Machine learning in trading: theory, models, practice and algo-trading - page 3517
You are missing trading opportunities:
- Free trading apps
- Over 8,000 signals for copying
- Economic news for exploring financial markets
Registration
Log in
You agree to website policy and terms of use
If you do not have an account, please register
The convolution layer and the lstm layer. Stride (filter) is a move step in the convolution
.
If the second function for it is rectangular, we will get SMA
If there are other forms of this function (triangular, exponential, etc.), we will get something else (maybe EMA), just there will be other coefficients for different rows.
But in any case, as with SMA and EMA, there will be a delay due to averaging.
So it seems that they are of little use, as well as MAs. One plus - reduction of the number of predictors.
On convolutions...
If the second function for it is rectangular, we will get SMA
If there are other forms of this function (triangular, exponential, etc.), we will get something else (maybe EMA), just there will be different coefficients for different lines.
But in any case, as with SMA and EMA, there will be a delay due to averaging.
So it seems that they are of little use, as well as MAs. One plus is the reduction of the number of predictors.
It's a little different, but it's a lot more primitive.
In a convolutional neuron, convolutional nuclei are "invented" by the neuron during training and there are thousands of nuclei/filters....
So to think that a convolutional neuron can be replaced by a single rectangular nucleus is absurd.
In a convolutional neuron, convolutional nuclei are "invented" by the neuron during the learning process and the nuclei/filters there are thousands of...
Matching coefficients to different strings? Than it will create some more suitable ph-iie instead of a rectangular one.
Picks up the coefficients of different rows?
No, it picks up the convolution kernels.
Than create some more suitable one instead of a rectangular ph-type.
yes
On convolutions...
If the second function for it is rectangular, we will get SMA
If there are other forms of this function (triangular, exponential, etc.), we will get something else (maybe EMA), just there will be different coefficients for different lines.
But in any case, as with SMA and EMA, there will be a delay due to averaging.
So it seems that they are of little use, as well as MAs. One plus is the reduction in the number of predictors.
Well, the coefficients of the convolution kernel are chosen to minimise the error, as I recall.
a matrix or vector of these coefficients runs over another matrix or vector of input data with a given step, the values are multiplied and the matrix with the maximum total values is taken as the output, for example
then the outputs are passed to the next layer of the NS, in this case lstm, as shown in the picture
lstm then tries to remember the sequences of these values, like a memory analogue.
So the feature of the convolutional layer is that it can select the most important elements from the whole matrix, and lstm remembers their sequences.
As a result, selecting important features of each row + remembering their sequences, what comes after what, in what order. Approximation. Usually at the end a full-link layer with softmax is put in order to distribute all this goodness by classes.
lstm works with radically unbalanced classes - for 2 classes by a factor of ten?
lstm works basically shitty ) very hard to train properly
there are constant gradient explosions because of multiple multiplications of weights.
Maybe now it's fixed somehow, but I don't think so, because everyone switched to transformers.
Transformer is some combination of convolution and lstm, unofficially you can probably make this analogy
It's not random forests - there you have to show off to train properly.

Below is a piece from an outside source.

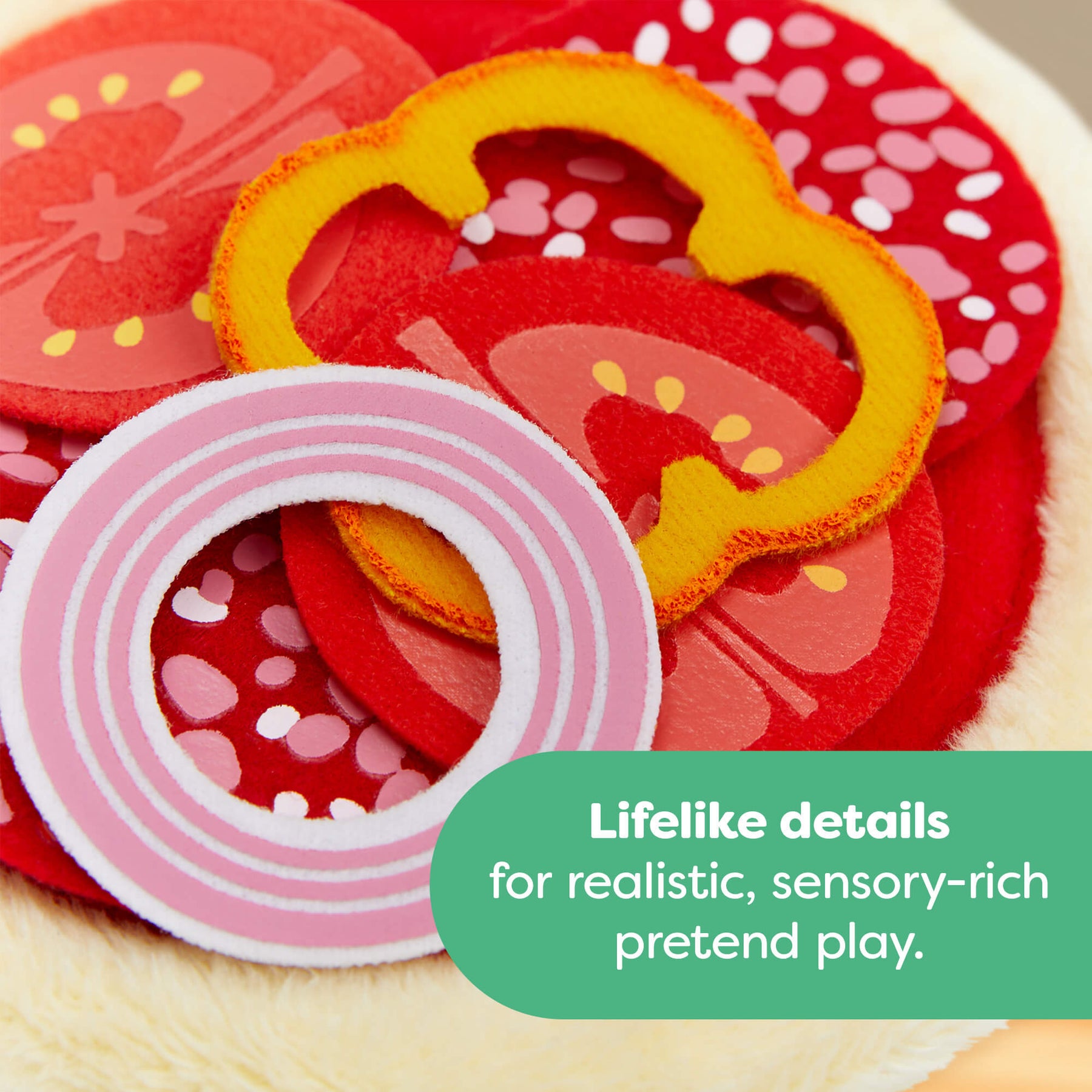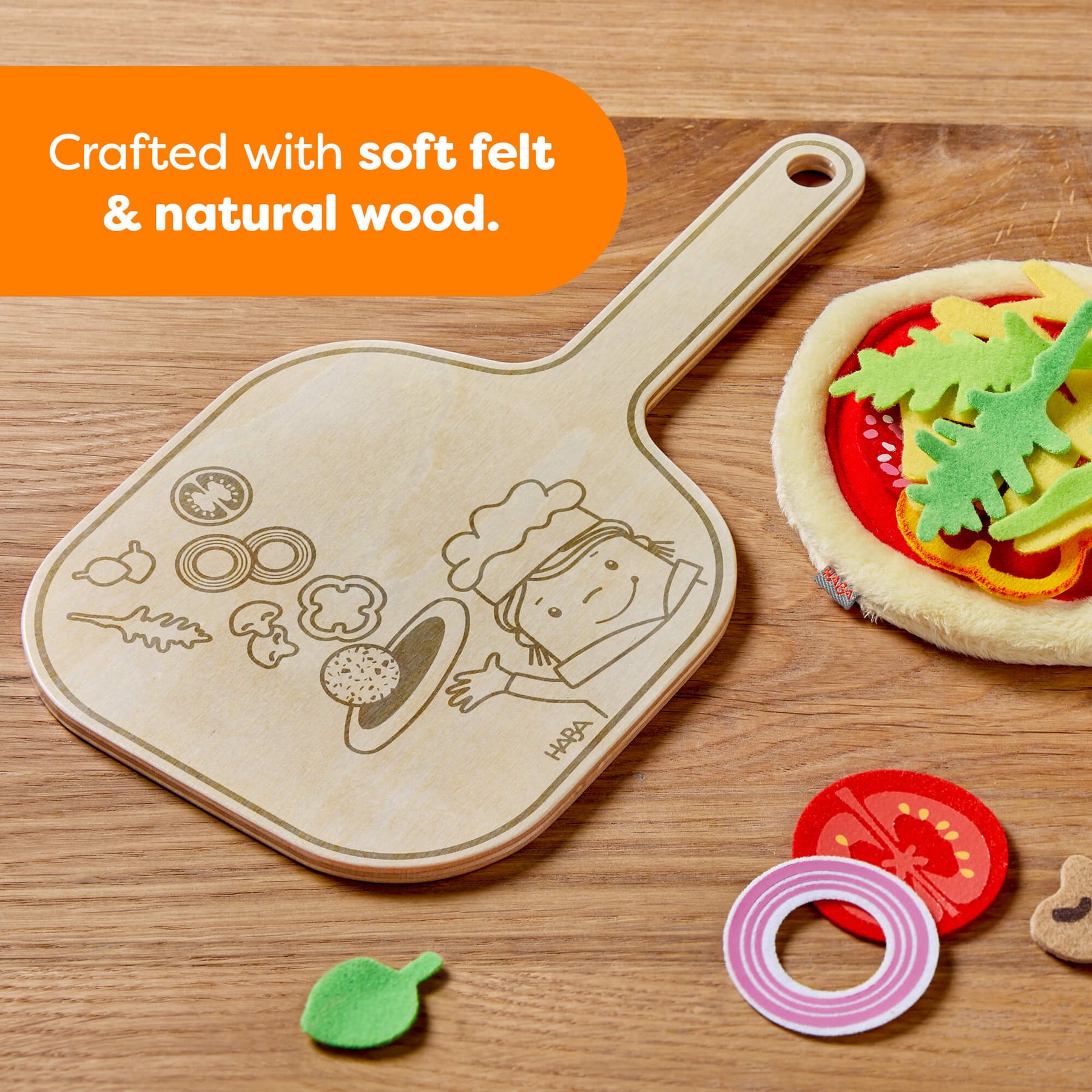 Slice, top, and serve with this deliciously fun play food set! Welcome to Ristorante HABA, where every child becomes a pizza chef! This adorable pizza set invites little ones to build their own culinary creations with soft, fabric pizza bases and a colorful variety of felt toppings. From mushrooms to basil leaves, even a wooden pizza peel, this set is lovingly crafted for hours of pretend kitchen fun.

Made some visualisation to better understand the process of degradation of the model results.
Below is a graph showing ZZ on the balance of weighted quantum cutoff errors on the train sample.
You can see that overall the trend is good, positive probability bias, but what about the next two samples, test and exam?
Below are the graphs on these samples.
We observe flatness and at the end of the period the trend to a positive probability shift. Most likely, we will stop the model involving this quantum segment - without waiting for the rise.
And what awaits next?
On the exam sample, the rise continued in the beginning, but again everything fell into flat. How is it possible that there was a long trend on the train, but later we see occasional bursts - something has changed? It remains only to guess - or to make an additional split on another quantum segment, but how to do it on train, because everything is not bad there - a mystery.
But, it happens that we can find quite acceptable variants, here for example - three samples below.
Thoughts, ideas, considerations are welcome!
Thoughts, ideas, considerations are welcome!
If the train is overtrained, then there is less to train.